I suggest a painted line because I want to deform the cylinder and have the line "stick with" the surface of the cylinder rather than be concerned about a string hanging loose or breaking as its ends get closer or farther from each other.
Now let's suppose the cylinder is made of rubber or some other material that we can deform in a uniform way.
And for reference, let's paint a black line straight up the side of the cylinder, parallel to the axis, from a point at the bottom to a point at the top.
After painting the red line and the blue line, we twist the top of the cylinder while holding the bottom fixed, and the material of the cylinder between the bottom and the top twists gradually from bottom to top so that the black line is stretched into a helical shape around the twisted cylinder.
Let's suppose we twist in a direction opposite the way the red line is wrapped around the cylinder, and we keep twisting until the red line is straight.
So we twist the top through $X$ full rotations in a direction opposite to the original direction of the red line.
If the blue line was originally going around the cylinder in the same direction as the red line, this process removes $X$ full rotations from the path of the blue line,
which now makes $\lvert Y-X \rvert$ full rotations.
(We use the absolute value because in the end it will not matter which way the rotation goes.)
If the blue line was originally going around the cylinder in the opposite direction,
this process adds $X$ full rotations, so the blue line now makes $Y+X$ full rotations.

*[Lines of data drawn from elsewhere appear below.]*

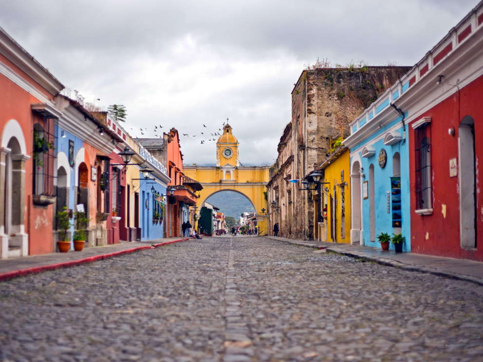 Your money does go far in Guatemala and the country is not touristy at all. Once you are in the country you can visit the old colonial town of Antigua(like on the picture) and the old city of Tikal which is UNESCO-listed.
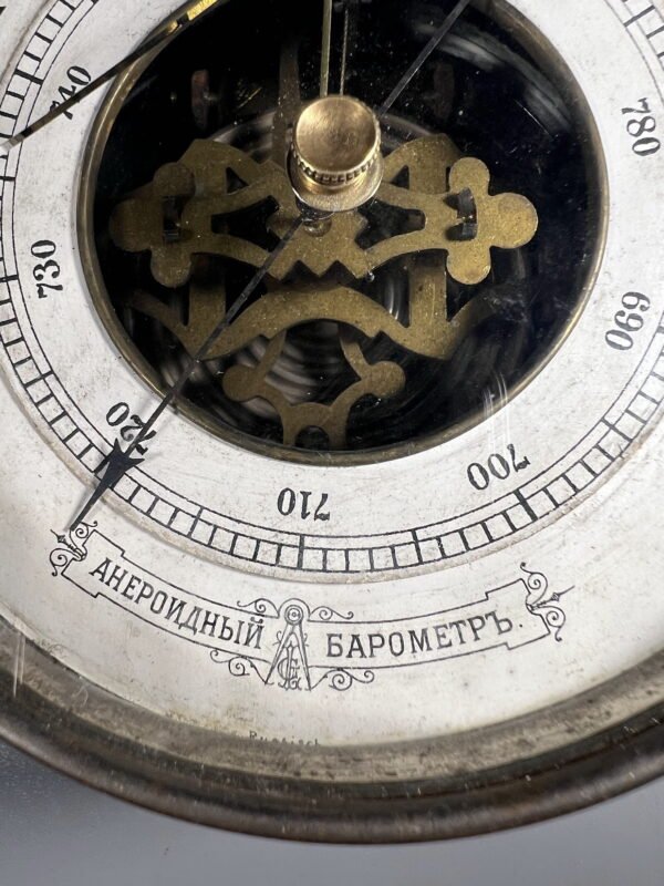 Aneroidinis barometras antikvarinis, carinės Rusijos laikų, pakabinamas. Netikrintas. Skilęs stiklas. Skersmuo 11, storis 5 cm. Kaina 138
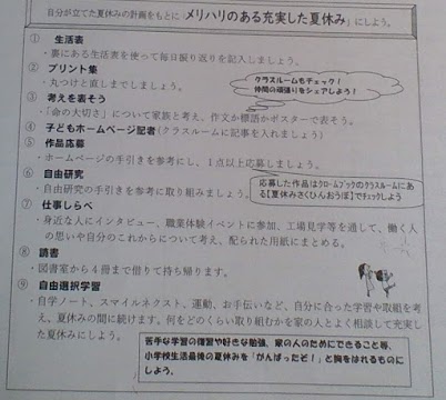 子供記者★ 7月29日(月)6年生 夏休み 公開日 2024/08/01 更新日 2024/08/01 子供記者のページ これは、夏休みの宿題です。 計画的に取り組みましょう。 6年生 H・A 学年の友達のコメント そうですね。私は今日でプリントが終わります!

In the case where $X=Y$ and the lines are wrapped around the cylinder in the same direction, the two lines are the same as each other (and were the same as each other before twisting the cylinder) and there are infinitely many intersections.
In any other case, the red line is now straight up, the blue line is a helix wrapping around the cylinder one or more times, and each rotation of the blue line represents one intersection. In addition to the starting point (where the two lines meet), there is one more intersection for each rotation, including the intersection at the end point.
So if we count all intersections of the two lines (including at the top and bottom of the cylinder) we have either $\lvert Y-X \rvert + 1$ or $Y+X+1$ intersections,
depending on whether the lines originally went in the same direction or opposite.
If we exclude the intersections at the top and bottom,
we have $\lvert Y-X \rvert - 1$ or $Y+X-1$ intersections.